Winter tore as hard as she could at the man’s hair but he seemed not to care. Suddenly, he twisted on her, and then his arm squeezed around her neck, his bicep pushing like a rock into her windpipe. She clutched weakly at the man’s arms. The sound of the weapon shooting electricity sounded faintly in her ear. She heard a sickening scream. A man’s scream. It was hollow, as if death had already burned his soul from
his body.
The man who was strangling her suddenly slackened his chokehold and turned.
It was enough for her to gasp in a breath then shove her palm into the man’s mouth. The blow bent him backwards—and then electricity raked through his body. She felt the energy, every hair standing on end. The man writhed and shook unnaturally—his proximity making the gruesome spectacle all the more horrific. Finally his mouth opened to scream but only smoke came out.
The body collapsed upon the ground, small flames licking through the eye sockets.
Winter turned away from the revolting image and found the weapon in the hands of the man who had not spoken.
Karience stood beside him, a trickle of blood running from her nose.

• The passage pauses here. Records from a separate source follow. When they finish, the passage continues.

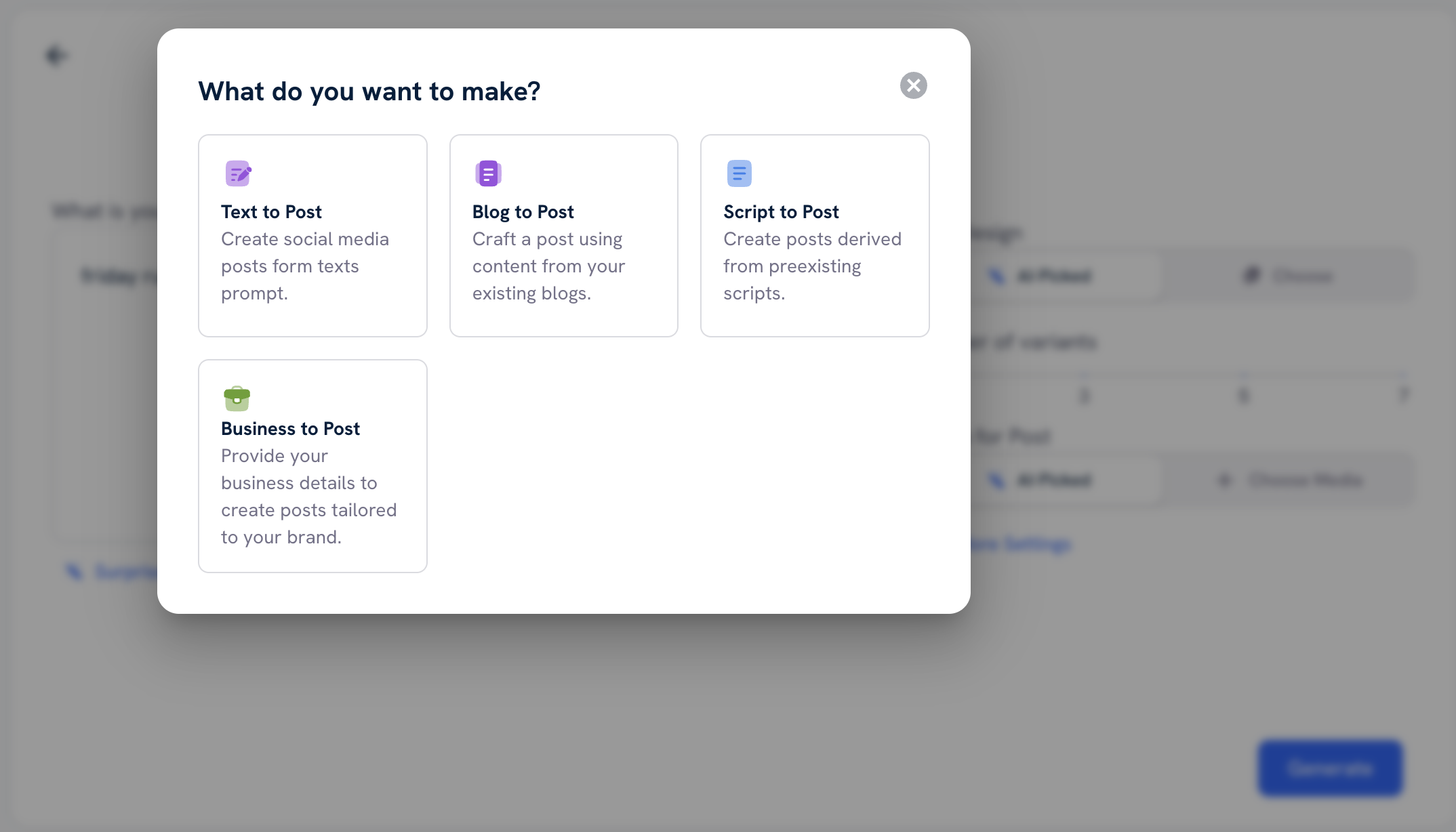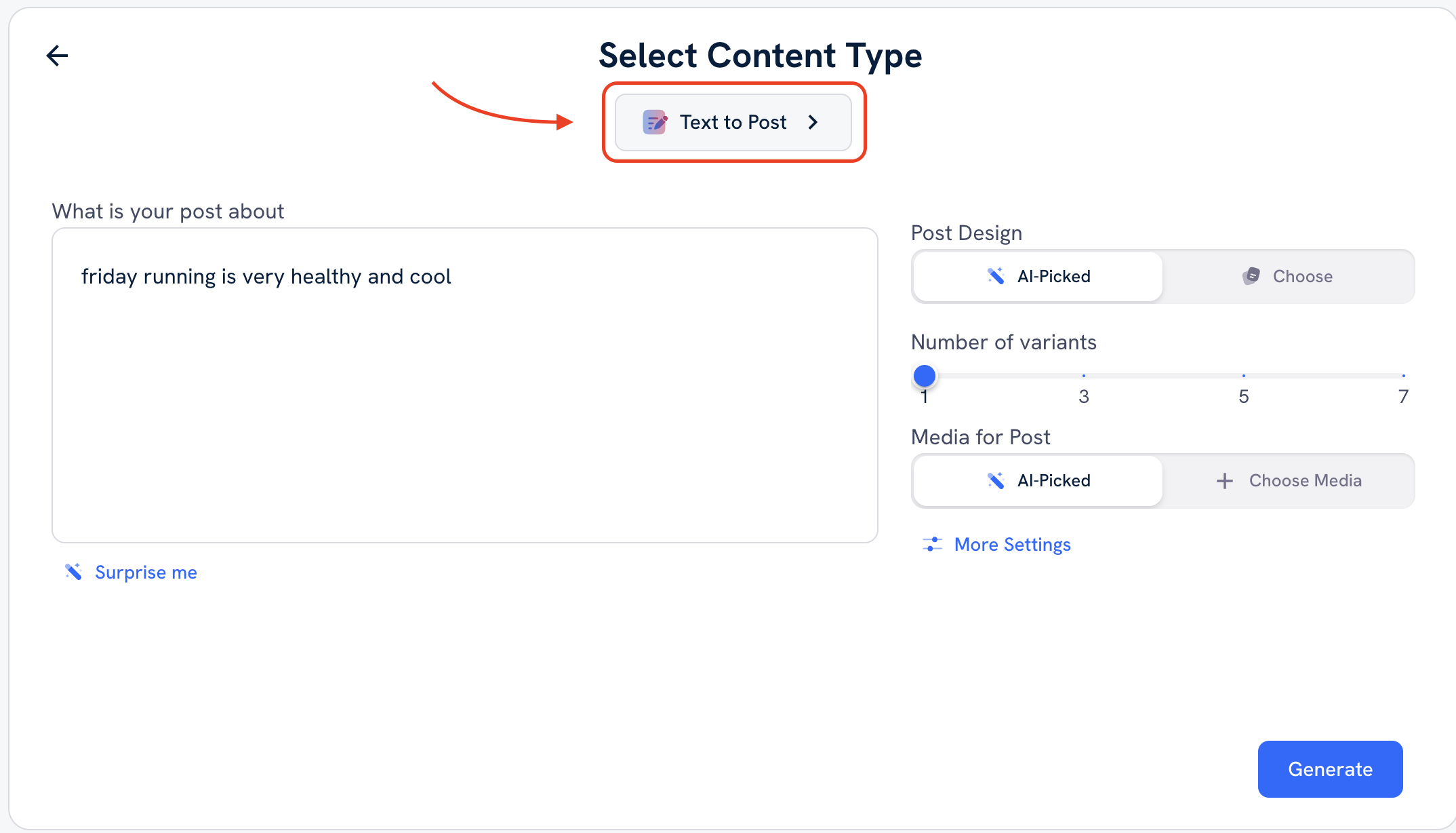 Select your post type (AI-Picked, Image, Video, Carousel) and choose the Post Design, Number of Variants, Aspect ratio, and Media for Post.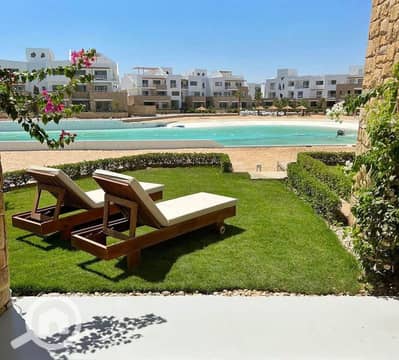 شاليه متشطب بالكامل بالتكييفات والمطبخ جاهز للمعاينة والسكن فيو بحر كامل للبيع في قرية سوان ليك الجونة swanlake gouna دقائق من الغردقة و سوما باي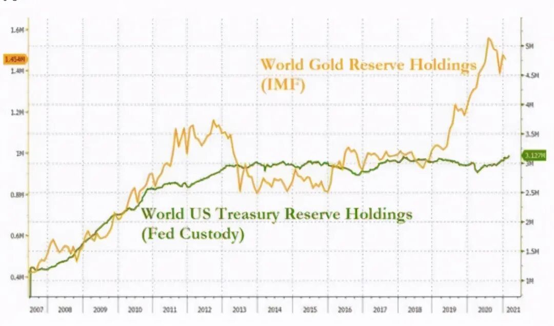 还需要注意的另一个现象是,全球央行关于美债这一美元核心资产与黄金储备的布局已发生反转式变化。如下图: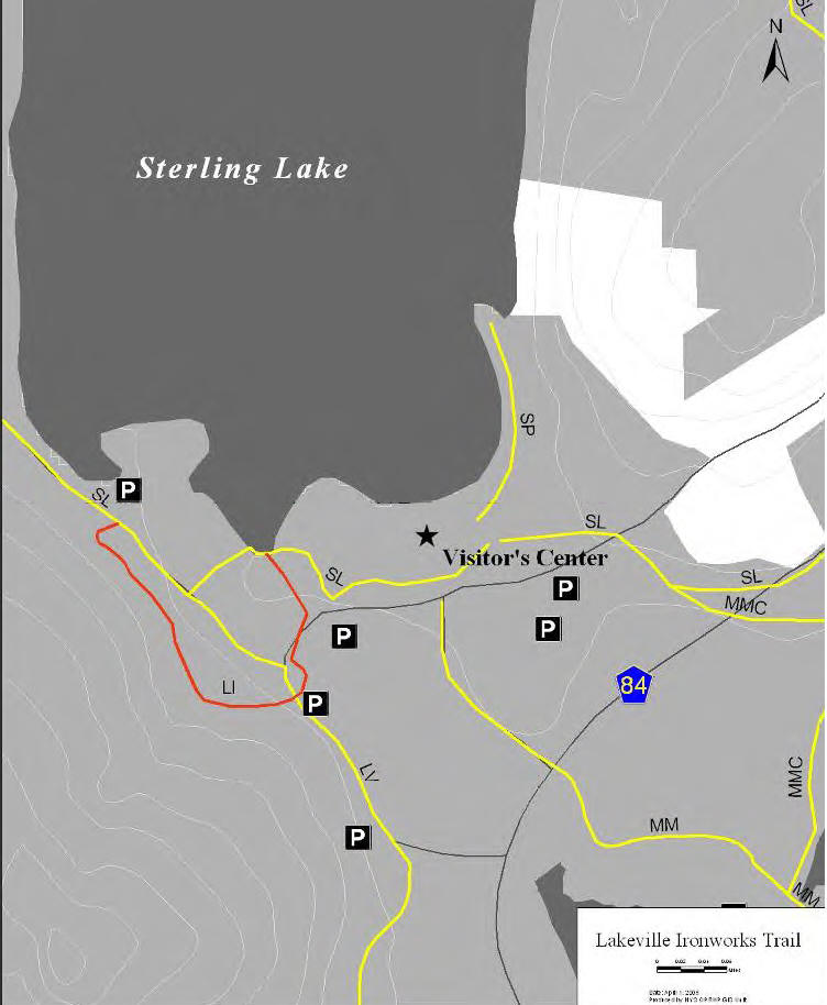 Lakeville Ironworks Trail (0.5 miles) - From the Visitor Center, patrons can walk south on the Sterling Lake Trail to the section that is on West Sterling Lake Road, where you will turn left onto the Lakeville Ironworks Trail. The trail goes up a small hill past the Lake Mine then takes a sharp left turn past the remains of the early 20th century iron ore processing structures – a cable house, crusher, dryer, ore separator, and storage bin.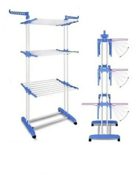Сушка для белья, сушилка для одежды, сушилка напольная, складная, 3 уровня, 2 вешалки, на колесах информация: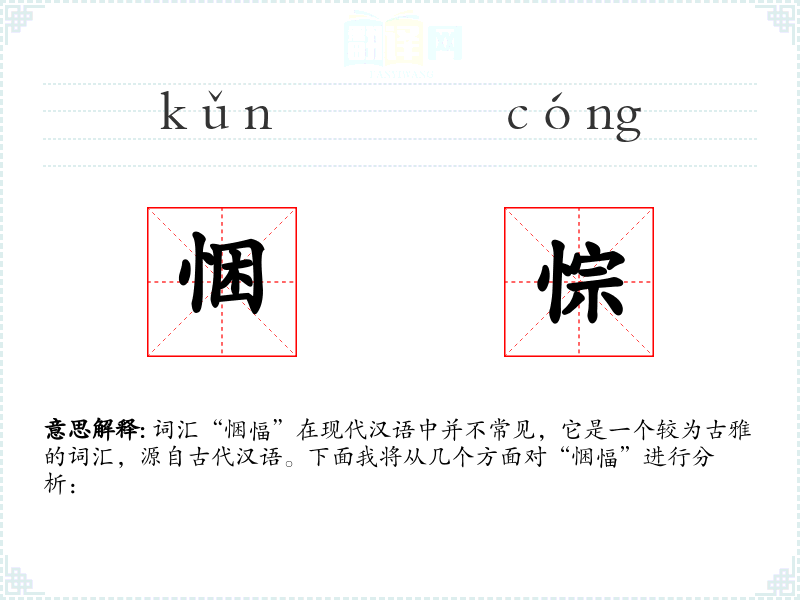 词汇“悃愊”在现代汉语中并不常见,它是一个较为古雅的词汇,源自古代汉语。下面我将从几个方面对“悃愊”进行分析: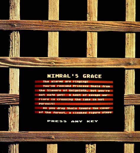 As promised last month, here's the sequel to The Slave Cellars of Golgoloth, and if you thought just rescuing the princess was tough, wait until you try to find out who's trying to put her six feet under. Yep, Slave II: Nimral's Grace is a mystery, and in order to be successful in your attempt to bring the would-be assassin to justice, you're going to have to search high and low for ten vital clues. Only when you've gathered all the evidence, will you be able to put the culprit behind bars.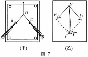 11.(1)(4分)在“验证力的平行四边形定则”的实验中,某同学的实验情况如图7(甲)所示,其中A为固定橡皮筋的图钉,O为橡皮筋与细线的结点,OB和OC为细绳。图7(乙)是在白纸上根据实验结果画出的图。下列说法正确的是 ( )

“Are you alright?” the man asked.
A flood of tears filled Winter’s eyes. She could still feel the tightness of the man’s arm around her neck.
The nearness of death.
_____
KARIENCE
The man who had saved she and Winter’s lives had introduced himself as Dicameron, and he led them now down the long passage to Bridge’s Loamian domicile. After leaving the room with the three dead men, and a large host of security forces, they’d followed him to the moving platform, riding it for a time, and then had exited and entered another dark tunnel. Five armed security members took up the rear as Dicameron navigated the underground city. The number of protectors surrounding them only added to her anxiety. Karience’s mind was reeling from the experience of having killed a man. His contorted face, the horror of his death.
She had kept her arm around Winter during the entire journey and Winter had done the same. Karience drew strength from Winter’s warmth; a powerful connection bound them now. Strangely, Karience felt almost like a mother holding her daughter. She was thankful Winter’s tears had gone. It had been hard enough holding back her own, but she knew she had to be strong.